# [SOLVED] Touchpad not working, showing as PS/2 Generic Mouse

## Nohmayne

Hi all, I'm new to gentoo so please bear with me.

Recently I decided to install gentoo on my laptop which has both a touch screen and a touchpad. I mention this because I have seen this in other posts as being a problem, and it's listed in the arch wiki under the synaptics article (https://wiki.archlinux.org/index.php/Touchpad_Synaptics#Touchpad_detected_as_%22PS/2_Generic_Mouse%22_or_%22Logitech_PS/2_mouse%22).

The touchpad does not respond to any input (clicking, swiping, scrolling, etc.).

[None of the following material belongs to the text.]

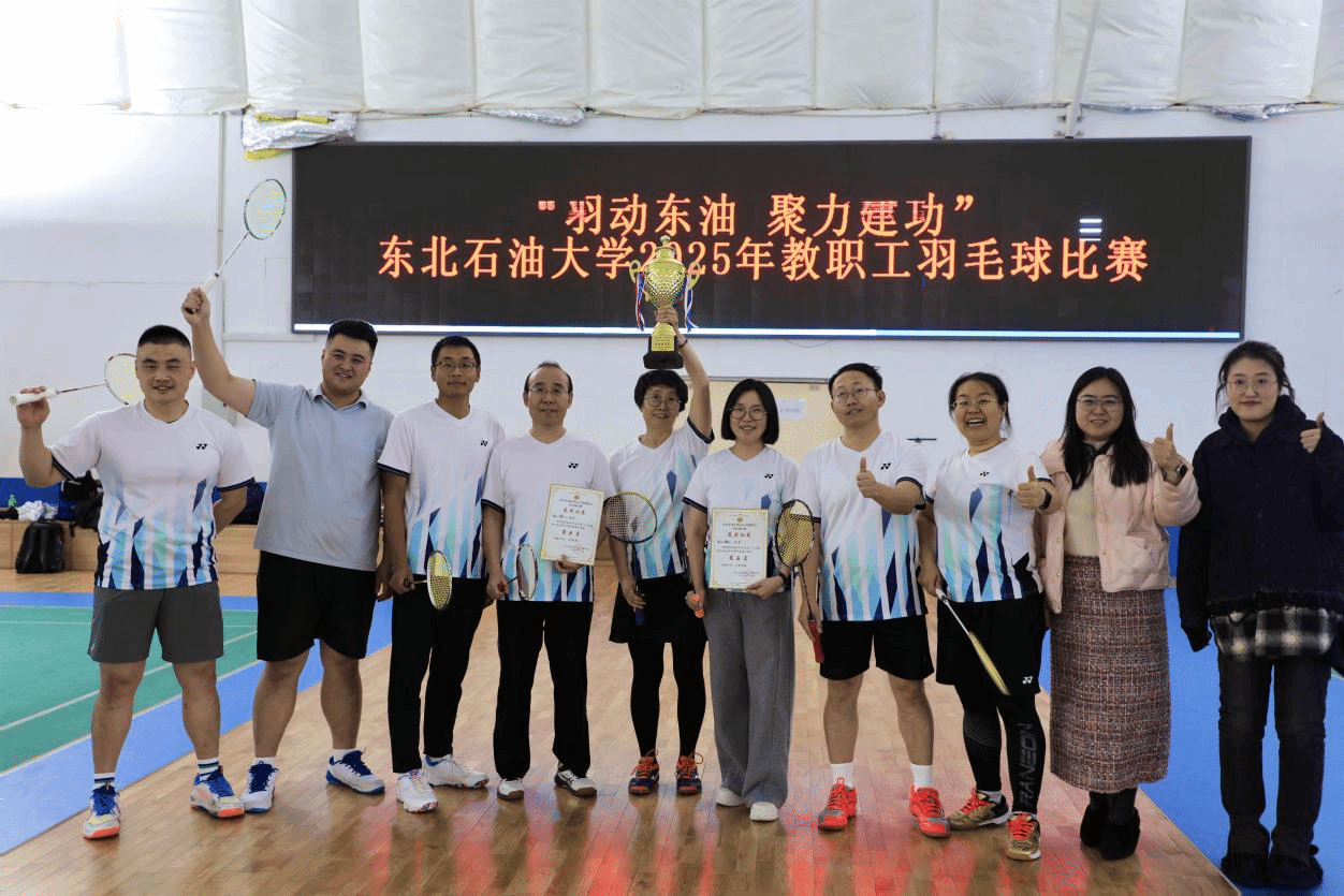 10月31日晚,由校工会主办、地球科学学院工会承办的“羽动东油 聚力建功”东北石油大学2025年教职工羽毛球比赛在气膜馆圆满落幕。经过4天紧张激烈的小组赛、淘汰赛与决赛角逐,我院获得团体组亚军、工会组第五名的好成绩。

I've tried all of the solutions I've seen online so far to no avail, including enabling different kernel drivers, using libinput/synaptics/evdev/mouse/other in my /etc/portage/make.conf under the INPUT_DEVICES variable, and setting the drivers for the X server manually to either synaptics or libinput.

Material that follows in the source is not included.